The impact of missing data on estimation of health-related quality of life outcomes in a longitudinal clinical trial
Keywords: treatment effectiveness, longitudinal study, missing data, time-to-dropout, joint modeling, pattern mixture model
Purpose: Missing responses for health-related quality of life (HRQL) outcomes are common in clinical trials and may introduce bias as such data are often not missing at random. We evaluated the missingness (dropout) effect when comparing treatment groups (I vs. II) in a longitudinal randomized trial. Methods: We analyzed the Functional Assessment of Cancer Therapy Trial Outcome Index (TOI) change over 12 months for newly diagnosed patients with chronic myeloid leukemia. HRQL assessment was expected at baseline and months 1, 2, 3, 4, 5, 6, 9 and 12. We defined completers as those with baseline and month 12 TOI, and dropouts as all others as long as they had a baseline score.

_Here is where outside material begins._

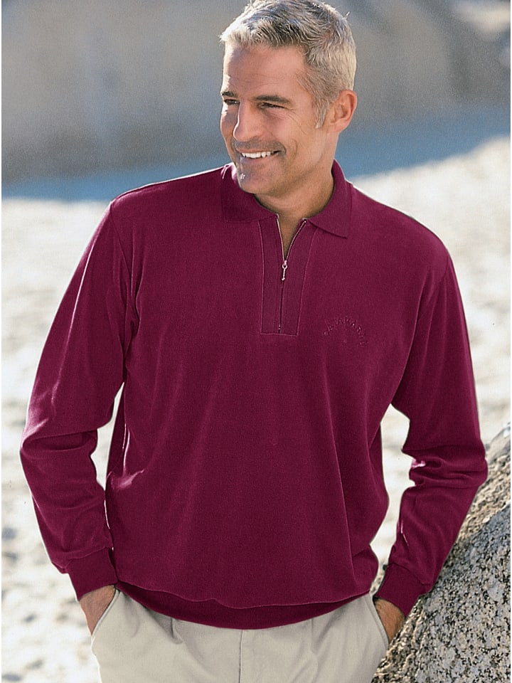 Мягкая велюровая толстовка с воротником-поло и короткой молнией. Вышивка «КАТАМАРАН». Эластичные манжеты и подол.
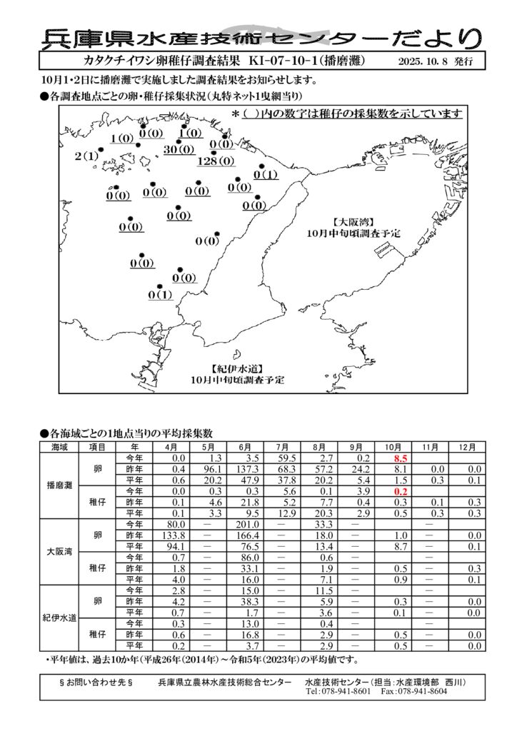 2025-10-08カタクチイワシ卵稚仔調査結果 KI-07-10-1(播磨灘)

We defined censoring time as the time interval between baseline and scheduled month 12 visiting date, and approximate time-to-dropout as the time interval from baseline to the midpoint between date of last reported TOI and scheduled next visit date. A mixed-effects model (MEM) was first built to assess treatment effect, a joint model (JM) and a pattern mixture model (PMM) were then built to account for non-ignorable dropout. To fulfill the assumption about normality and heterosckedasticity, TOI scores were transformed to their square root. Results: A MEM fit the data well and revealed that TOI in group II declined significantly, whereas it remained constant in group I. Between-group differences at each visit were significant (p<.001) except for baseline. Completion rate at month 12 was different between group I and II (82.8% vs. 63.5%, p<.001); 90% time-to-dropout (month) was different also (9.7 vs. 4.2, p<.001); patients in group II were more likely to dropout (HR: 12.7, 95%CL: 10.7-15.1, p<.001). A JM simultaneously modeling longitudinal data and dropout time via a shared random effect vector with a 4th-degree polynomial time generated similar estimates (<10% change in magnitude mostly) as the separate longitudinal and survival sub-models, the significant association parameter (slope:1.99, 95%CL: 0.09-3.88, p=0.040) indicated that TOI change was positively associated with dropout. A PMM with non-significant 7th-degree polynomial time generated dramatically changed parameter estimates of 5th-, 6th- and 7th-degree polynomial time (>100% in magnitude) comparing to MEM, PMM also failed to fit a 4th-degree polynomial time model. Conclusion: treatment effect was different between groups; JM detected a significant effect of dropout on the longitudinal TOI; single PMM may misspecify dropout.